We have a hard time imaging that our faith tradition was born out of serious conflict. It is like family stories. We really don’t like to imagine that our family tree is littered with broken branches, dead limbs, crooked roots, and Dutch elm disease. We like the picture of the Palm Tree, majestic and free. The second option appeals to our sense of pride in our Christian heritage. It is a more pleasing view. But the former, Weeden’s Mark, is over time the stronger scaffold, and what we need from a scaffold is not presentation but reliability, not beauty but strength.

Here is where my feet come down. Marcus appeals to my heart, what I wish were true or truer. But my mind trusts Weeden. Our passage today is a case in point.

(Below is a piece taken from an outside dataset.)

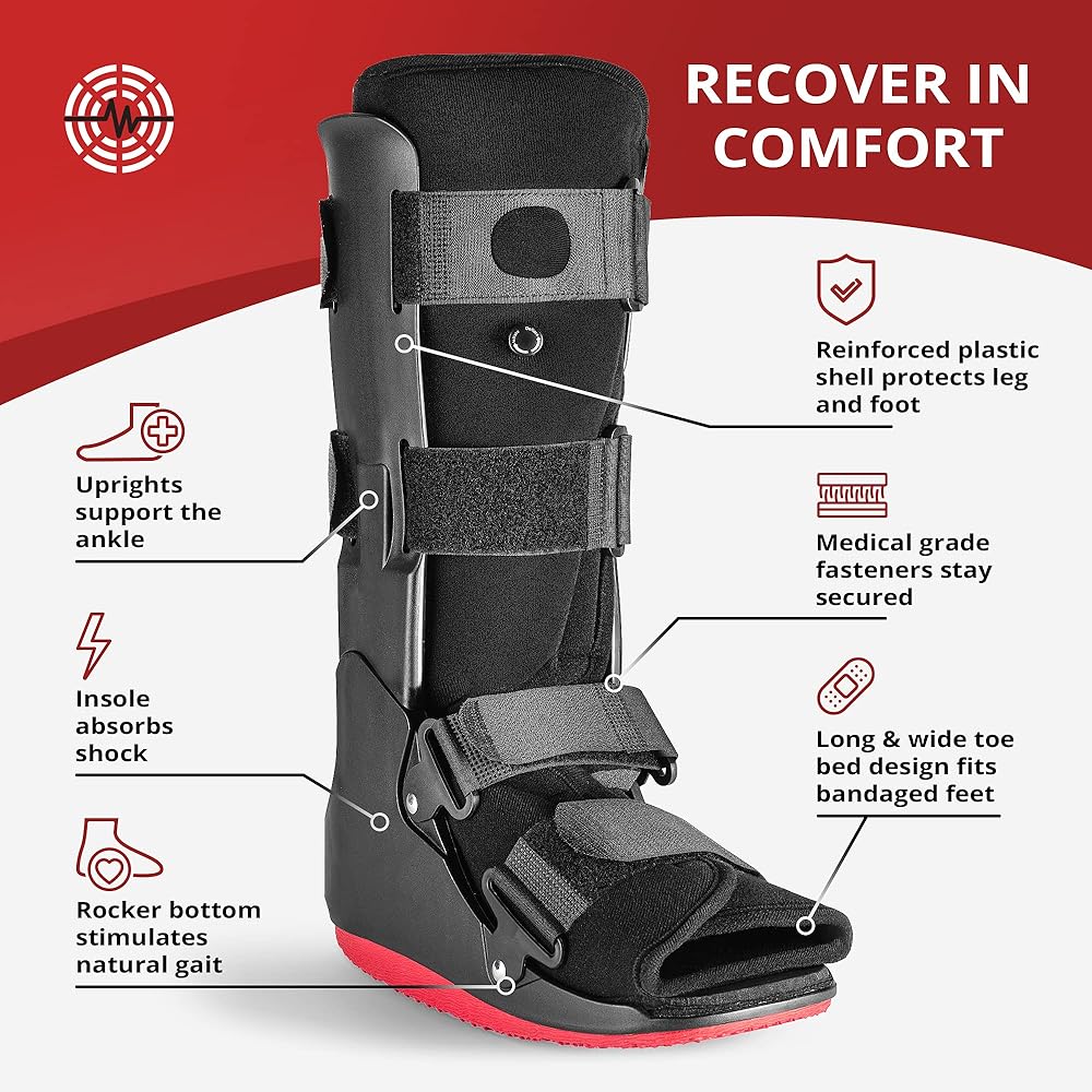 يحفز المشية الطبيعية: تم تصميم حذاء المشي CAM الخاص بنا بقاعدة قدم هزازة تسمح لك بالمشي بشكل طبيعي بأقل حجم. يمتص النعل الداخلي المبطن الصدمات لمنع التعب بينما تعمل البطانة المصبوبة على تعزيز حركة الكاحل بشكل مناسب لمنع المزيد من الإصابات أثناء الشفاء.

From the vantage point of this scaffolding, the key verse this morning is 4:29: when the grain is ripe, at once he puts in the sickle, because the harvest has come.  That is, there comes a time of completion, of testing, requiring not just coaching but also and more so warning.  Warning.  Listen this summer for the warning in Mark, more than the encouragement.  Listen for the critic not just the coach. The ministry of nature is meant to prepare us for the nature of ministry.  The parables of seed and growth are meant to prepare us for those challenging moments of growth that still lie ahead.  As individuals, and as communities, we prepare and need to prepare for the challenges, the harvests, of the future.  And, friends, there are serious challenges ahead.  There are riveting, sobering, critical challenges ahead of us in the country, around this globe, and in our churches, this year to come.  Challenges.  Challenges for you, your community, your nation, its constitution and its bedrock foundation of truth and freedom.  Listen for the warnings this summer in Mark.

Coda

And hear good news, in the ministry of nature and the nature of ministry.  The church is alive! The future is open! Love waits to fill the heart! The seed sprouts, we know not how.  Foretastes, all, of heaven. If the heavenly banquet has this menu, perhaps we need over these few earthly years to acquire a certain taste for certain things, faith and hope and love.  Just a little critical warning…

So, dear friends, then travel with a little imagination…Imagine Eucharist at Marsh Chapel.  Stand to sing… Pause to reflect… Step out into the aisle… Look at and look past Abraham Lincoln and Francis Willard…Receive cup and bread, bread and cup… Kneel at the altar to pray… Stand in communion with the communion of saints…Here is the bread and cup of friendship…Imagine, a congregation reciting together a creed, a psalm, a hymn, a poem.  Imagine, if you are willing, a congregation currently in diaspora, but just now, by the word spoken and heard, a gathered and thus addressable community, you and I and all together, able to prepare for the challenges, the harvests of the future, able to prepare for Mark.